Note: since many passwords may produce a ‘correct’ decryption (and there is no fixed flag format), we must enumerate all possibilities and manually filter the correct value.

Reading the rest of the decompiled source code, we notice that additional information from the environment is used to perform encryption/decryption (the UserName):

public static byte[] AES_Decrypt(byte[] bytesToBeDecrypted, byte[] passwordBytes)
{
    byte[] buffer = null;
    byte[] salt = Encoding.ASCII.GetBytes(Environment.UserName.ToLower().PadLeft(8, 'a'));
    using (MemoryStream stream = new MemoryStream())
    {
        using (RijndaelManaged managed = new RijndaelManaged())
        {
            managed.KeySize = 0x100;
            managed.BlockSize = 0x80;
            Rfc2898DeriveBytes bytes = new Rfc2898DeriveBytes(passwordBytes, salt, 0x3e8);
            managed.Key = bytes.GetBytes(managed.KeySize / 8);
            managed.IV = bytes.GetBytes(managed.BlockSize / 8);
            managed.Mode = CipherMode.CBC;
            using (CryptoStream stream2 = new CryptoStream(stream, managed.CreateDecryptor(),
                   CryptoStreamMode.Write))
            {
                stream2.Write(bytesToBeDecrypted, 0, bytesToBeDecrypted.Length);
                stream2.Close();
            }
            buffer = stream.ToArray();
        }
    }
    return buffer;
}

Since bruteforcing both the MachineName and UserName would be very time consuming, we look for clues for possible values for each within the packet capture. After collecting some candidates and attempting decryption with various combinations of user name (herp) and (derp), and machine name (Computer15-PC) and (Computer06-PC) with no luck, we check to see what meta information has been embedded within the ‘KeyGen’ binary itself.

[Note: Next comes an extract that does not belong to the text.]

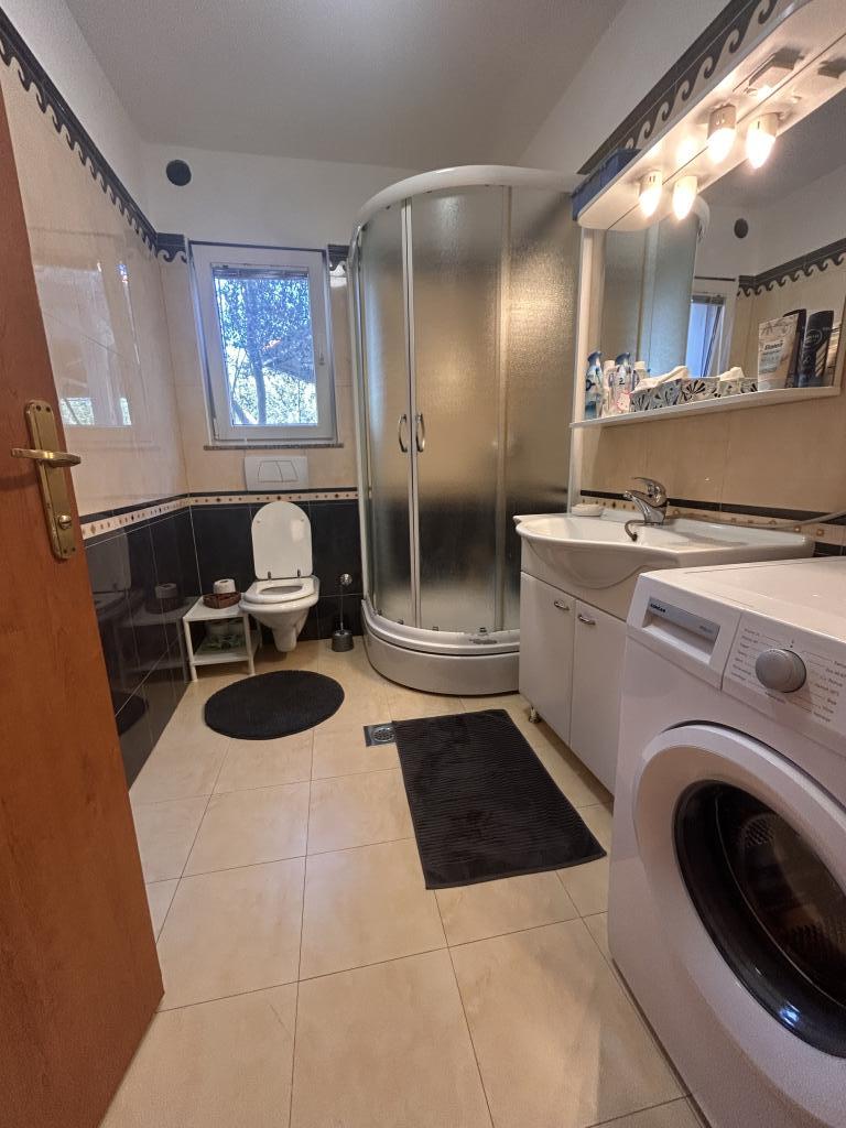 Nový a moderně zařízený apartmán v klidné vesničce Srima nedaleko Vodice. Krásně upravená pláž, vzdálená pouhých 100 metrů, je držitelkou Modré vlajky - mezinárodního ocenění, které zaručuje čistotu moře a zachovalé životní prostředí. Nemovitost se nachází 200 metrů od centra obce a 25 minut chůze (po promenádě podél moře) do města Vodice. Nemovitost se nachází v přízemí a má velkou terasu s grilem a houpačkou. K dispozici je také zahrada s vysazenými květinami, velkým jídelním stolem a zahradním nábytkem pro relaxaci. Nemovitost má kuchyň, obývací pokoj (LG TV, rozkládací pohovka), koupelnu a dvě ložnice. Kuchyně je nová a vybavená všemi potřebnými domácími spotřebiči (mikrovlnná trouba, kávovar Dolce Gusto, toustovač, varná konvice atd.). Vítejte!

Running the strings command reveals some build information: an absolute path containing a user name (Adham):

$ strings decrypted.bin
...
C:\Users\Adham\Documents\CTF\bruter\bruter\obj\x86\Release\bruter.pdb
...

Hard-coding this user name into our bruteforcer and letting it run for a while produces the following plausable decryption:

mono bruteforcer.exe
...
IWISHCTFSHADKEYGENS
Password: oziZZZZZZZO
...

…which just so happens to be the flag!